Its investigation included an analysis of government fines against airlines for maintenance violations and penalty letters sent to them that were obtained through the Freedom of Information Act.

It found that maintenance was a “cause, factor or finding” in 19 accidents in the past six years. In one of them, 88 people died when an Alaska Airlines crashed into the Pacific Ocean off California because of the failure of screw threads on a device. The NTSB concluded that the threads had not been properly lubricated.

In eight other accidents a total of 43 more people were killed, among them a mechanic working for Julie’s Aircraft Services in Texas in January 2006.


Key findings from the study found that airlines contract about 70 percent of their maintenance work to repair shops in the U.S. and abroad, where mistakes are often made by untrained personnel.

Airlines also disregard FAA inspectors’ findings to keep planes flying, use unapproved parts and perform their own sloppy maintenance work, according to FAA documents.

The FAA levied $28.2 million in fines and proposed fines against 25 US airlines for maintenance violations that occurred during the past six years.
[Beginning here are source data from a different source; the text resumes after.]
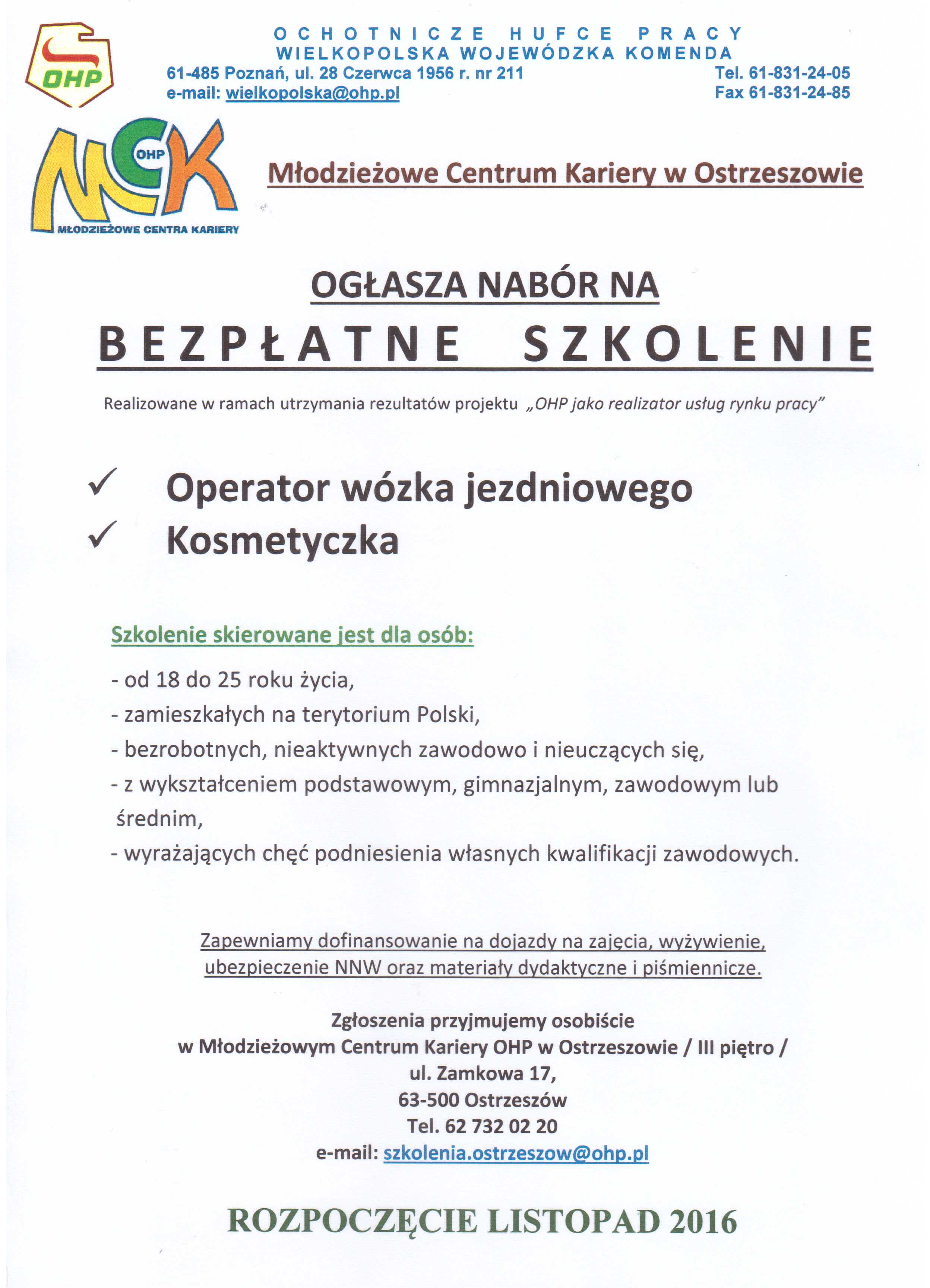 Młodzieżowe Centrum Kariery w Ostrzeszowie ogłasza nabór na bezpłatne szkolenie realizowane w ramach utrzymania rezultatów projektu „OHP jako realizator usług rynku pracy” w zawodzie Operator wózka jezdniowego oraz Kosmetyczka. Rozpoczęcie szkolenia: listopad 2016 r.
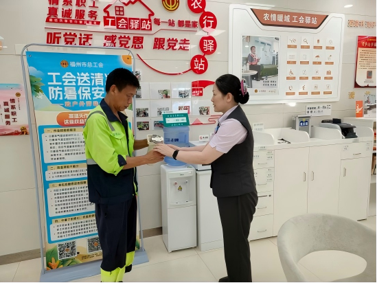 农行鼓屏支行立足工会驿站,为网点周边环卫工人送上解暑物资与贴心关怀;农行福清支行打造“爱心歇脚点”,环卫工人等户外劳动者可随时进入,工作人员主动递上热水,提供休息等服务,用一杯水、一份爱心传递关怀;农行东大支行在网点门口设立“爱心茶摊”,为奔波忙碌的快递员等户外工作者送上夏日清凉......“平时送件顾不上喝水,这儿的茶摊就像个‘加油站’,喝一口浑身都舒服!”一位刚接过热茶的快递员感慨道。
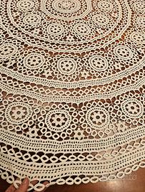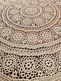 Tovaglia in pizzo motivo uncinetto bianca, rotonda diametro cm 175. Un capo vintage, come nuova.
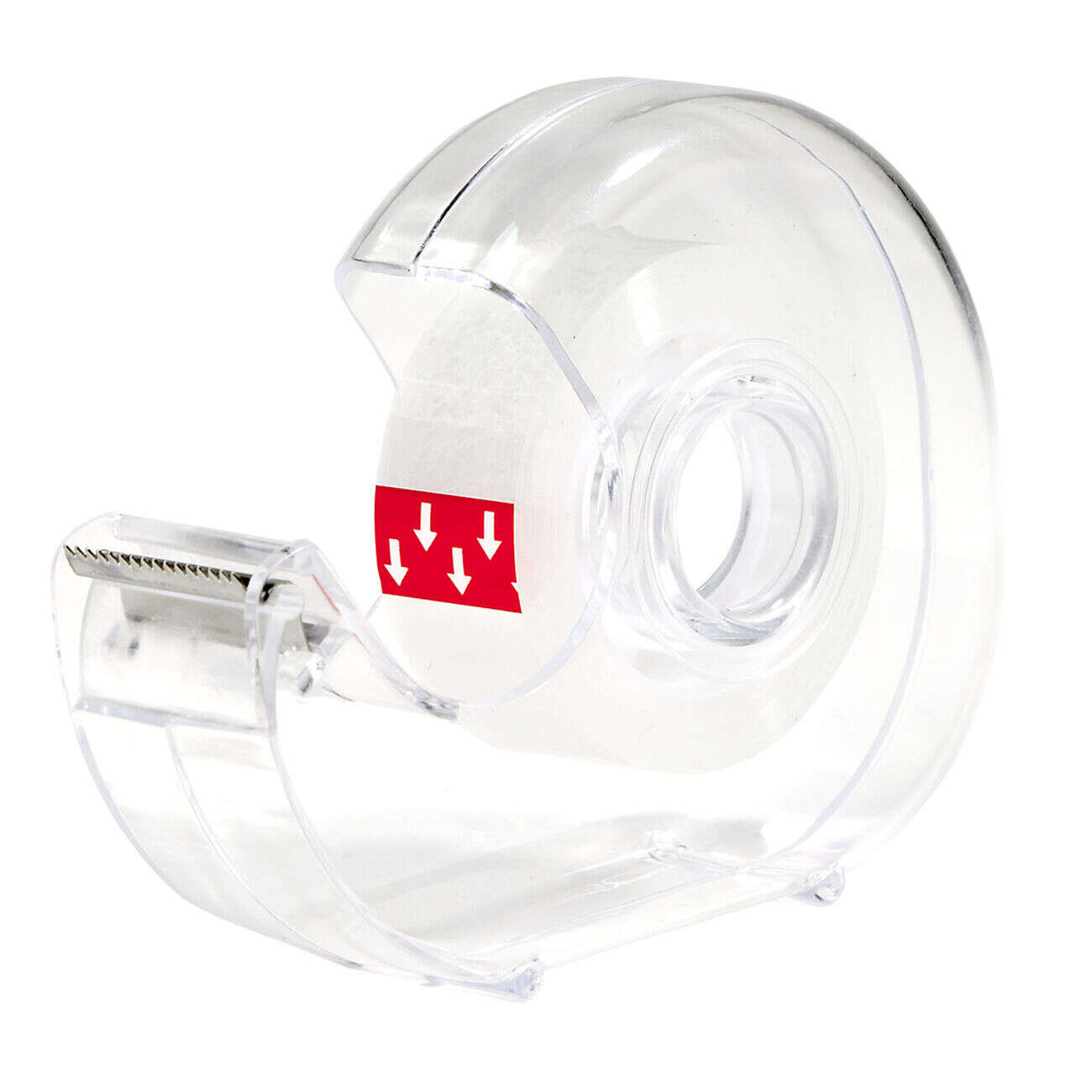 Rouleau adhésif avec dévidoir plastique transparent
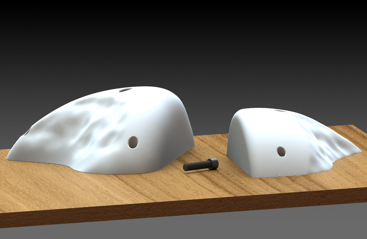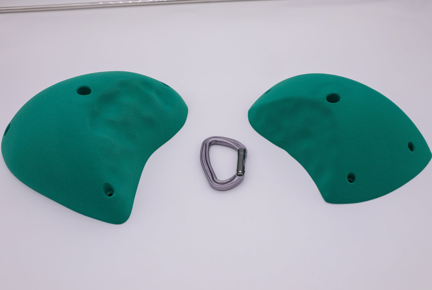 These holds were sculpted by a route-setter and they feel amazing to grab! Both holds have a large flat ledge and the small hold can be pinched depending on how it's set.
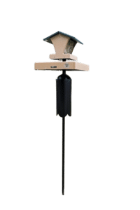 - Place the baffle: Position the baffle above the feeder ensuring that a squirrel cannot jump from a nearby structure onto the baffle or feeder.
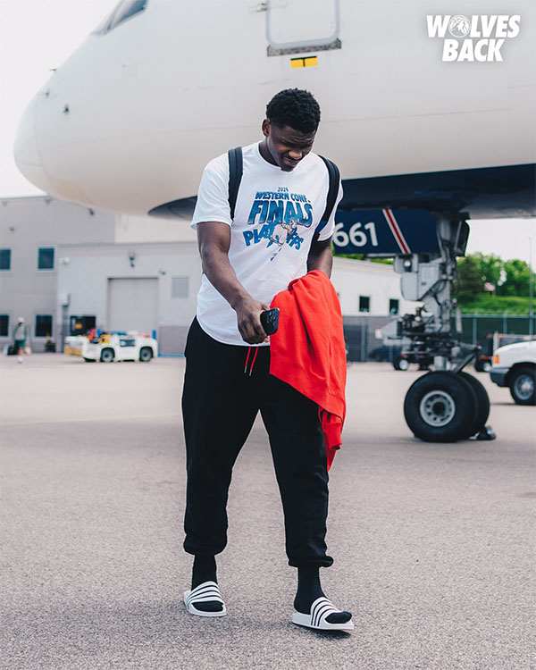 爱德华兹穿着拖鞋和运动裤、背着双肩包且拿着红色外套出镜,登机时满脸愁容;在西决系列赛前两场比赛,爱德华兹16投6中拿到19分11篮板8助攻和17投5中拿到21分7助攻5篮板,末节一度累得戴氧气面罩,西决G2关键时刻致命失误葬送好局,森林狼惨遭18分大逆转,而且被东契奇三分准绝杀。
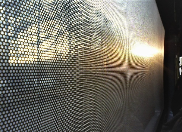 Успокойтесь, это не у вас в дорогом телефоне испортилась картинка. Это портится зрение у пассажиров маршрута 393, которые возят на своих бортах прозрачную рекламу. Не знаю, как молодые, а у некоторых не очень молодых людей, наступает очень не удобная рябь в глазах, от которой последние начинают болеть. Мало того, что эти сетки почти полностью перекрывают обзор улицы, особенно в сумерках, так еще и для здоровья вредные. Ну, это же пустяк. Главное, что рекламу видно и это очень нужно и важно.
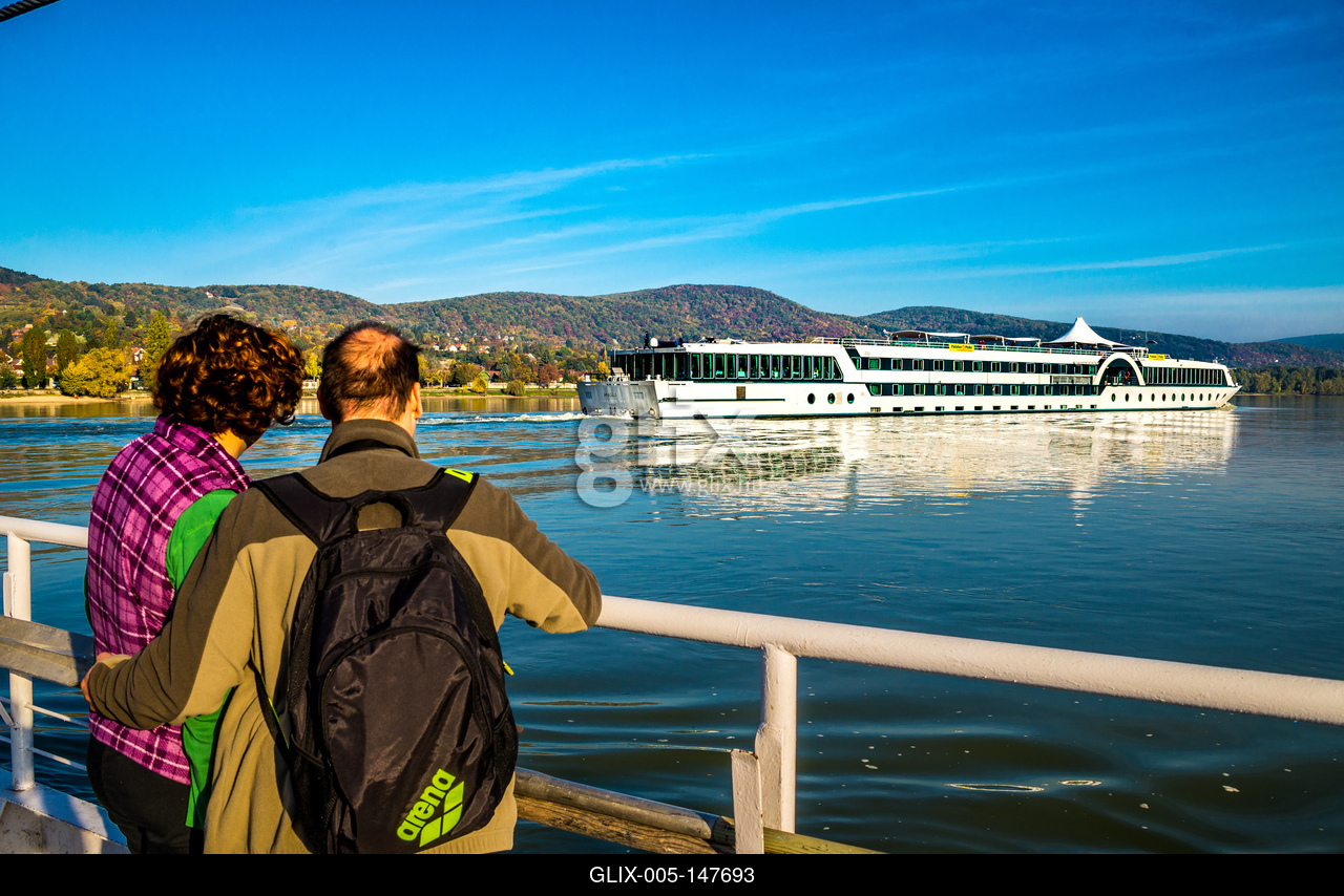 Turisták figyelik az Amadeus kirándulóhajót a Dunakanyarban, a háttérben Nagymaros és a Börzsöny vonulatai.
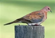 棕斑鸠,是鸽形目鸠鸽科斑鸠属鸟类。整个头和颈淡粉红色,头顶和前额较暗,颊、喉较淡,前颈基部两侧羽毛黑色具宽阔的棕色端斑,使前颈两侧形成黑色斑点状的黑斑。…全部>>
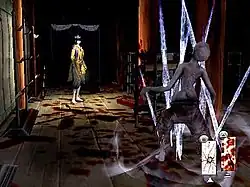 Kuon is a survival horror video game in which the player takes on the role of three characters—Utsuki, Sakuya, and Abe no Seimei—exploring the buildings and grounds of Fujiwara Manor.[2] The characters are seen from an overhead third-person fixed perspective.[3] The characters navigate the mansion during gameplay; the standard pace is a slow walk, with an option to run, but comes with a greater risk of attracting enemies.[3][4] To progress the game, the characters explore the mansion to solve puzzles and find key items.[5][6] Items are displayed in environments using flashing points of light.[3] From the beginning of the game, certain doors within the mansion grounds are sealed, and require a particular item to open. These items can be restricted to particular characters.[4][6]
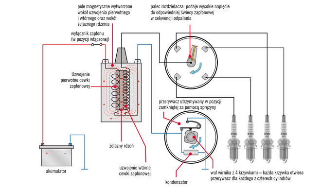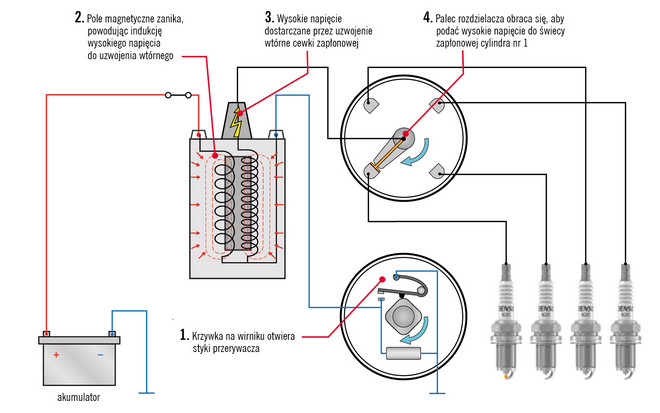 Rys. 3. Działanie podstawowego mechanicznego układu zapłonowego. Etap 2 – rozładowanie wysokiego napięcia w celu wytworzenia iskry
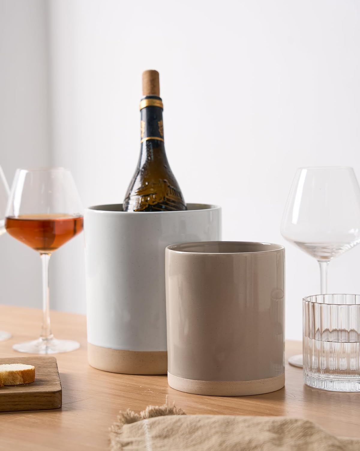 - 【Multi-Functional Cooking Utensil Holder】These kitchen utensil holders do more than just store cooking utensils. They also double as elegant vases, offering a stylish home for hair tools like combs, can be used as a storage container for freshly baked bread, even can be used as an ice bucket to cool champagne and wine. Their versatility knows no bounds!
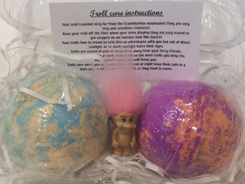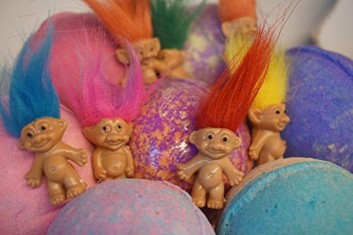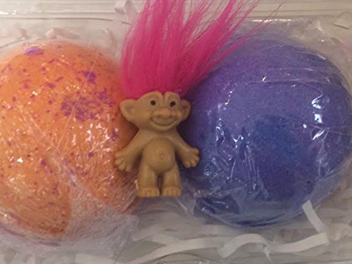 -. Feature : All natural, non toxic ingredients Includes 2 bath bombs and 1 extra troll (3 trolls total) ingredient card and care instructions / Spins, Foams, Bubbles and Vibrant colors Paraben Free. - Cruelty Free. / Soothe and calm your Skin these fizzy bath bombs provide all natural aromatherapy benefits while adding fun to the tub! / Directions:after the bath bomb is done fizzing and bubbling there will be a little plastic capsule that floats to the top of the water,open the capsule and the troll will appear for more product videos visit us on instagram fusionbombsquad! / Baking Soda, Citric Acid ,Goats Milk Powder, Shea Butter,Avocado Oil, Coconut Oil, Kayolin Clay, essential oils, Skin Safe colorant
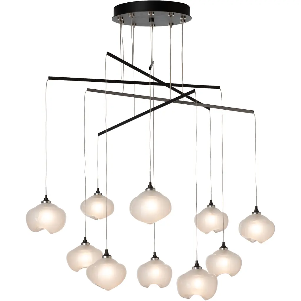 A unique fusion of kiln-fused glass, cast crystal glass and precision-crafted metal lends surprising drama to this Cirrus round multi-pendant chandelier style. Available in a choice of Smoke Granite or Clear Granite textured glass and several finishes.
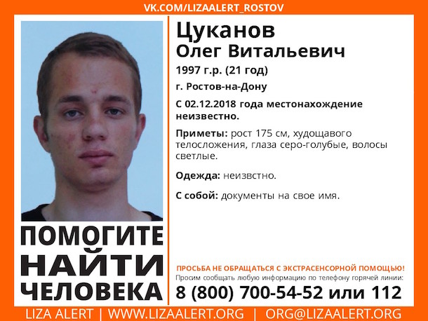 В Ростове-на-Дону загадочно исчез молодой человек, 21-летний Олег Цуканов. Родные ищут его еще с начала декабря.

In many cases, planes operated for months before the FAA found maintenance deficiencies. Airlines continued to fly planes after the FAA found deficiencies in them.

In its defence, the FAA said it “sets an exceptionally high bar” for the required level of safety for airlines and that the fines indicate that problems were detected and corrected.

US airlines “regard safety as their highest responsibility,” and “their maintenance programs reflect that commitment to safety,” Elizabeth Merida, a spokeswoman for the Air Transport Association, said.

The ATA said member airlines haven’t had a fatal accident “attributable to maintenance” since the Alaska Airlines crash on 31 January 2000.